‘The Comedian’ AFI Review: Robert De Niro Skims the Surface as Washed-Up Stand-Up
De Niro’s Rupert Pupkin in “The King of Comedy” was a fame-hungry cretin with no performance skills; this time around, he’s Jackie Burke, an aging comic who never managed to match his fame from a decades-old hacky family sitcom called “Eddie’s Home.”
Strangers still call him “Eddie” on the street and spout his old catchphrases, but professionally, he’s reduced to playing half-filled comedy clubs in Hicksville (literally — Hicksville, N.Y.) and sharing bills with other old-timers like Jimmie “J.J.” Walker and Brett Butler (playing themselves).

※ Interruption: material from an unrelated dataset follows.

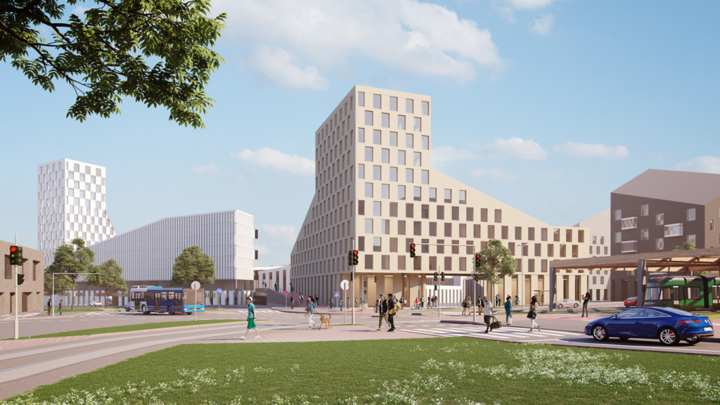 Kunniamaininta kilpailuehdotukselle Kun kaupungin läheisyys alkaa tuntua Kaleva-Hakametsä -paikalliskeskuksen ydinalueen kutsukilpailussa
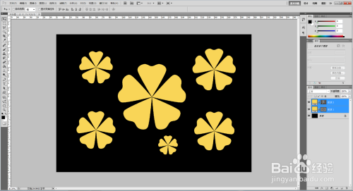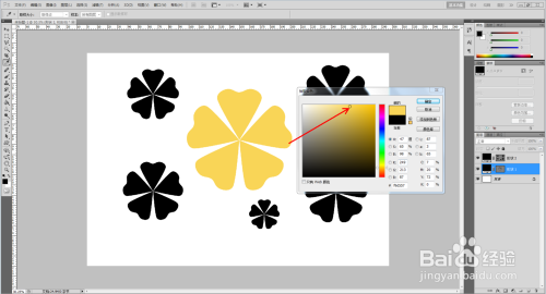 双击小花图案图层前面的色块,将图案设置为黄色即可。

A heckler with a YouTube channel gets physical with Jackie at that show, and the comic winds up doing 30 days behind bars.
“The Comedian” hints at Jackie’s darker side — his rage at the heckler, his cutting loose his previous manager when the sitcom gig came through, his strained relationship with his brother (Danny DeVito) and sister-in-law (Patti Lupone) — but director Taylor Hackford and a quartet of screenwriters never feel comfortable taking the plunge.
Men and women who are funny for a living tend to have a lot of complexity and barely-coiled anger within; Jackie has a bit of a temper, but for the most part, the movie paints him as an all-right Joe.
De Niro and Mann have a lovely rapport — it helps that the movie is aware that, as a couple, they’re totally age-inappropriate — and there are little moments that pop up throughout and hint at the wittier, livelier movie these people might have made together.
There’s a hilarious scene where DeVito scolds De Niro loudly, while muttering in secret that he’s only doing it to get his wife off his back.
In its most desperate moments, “The Comedian” turns to two of the cheapest ways possible to get a laugh: curse words from the very old and from the very young.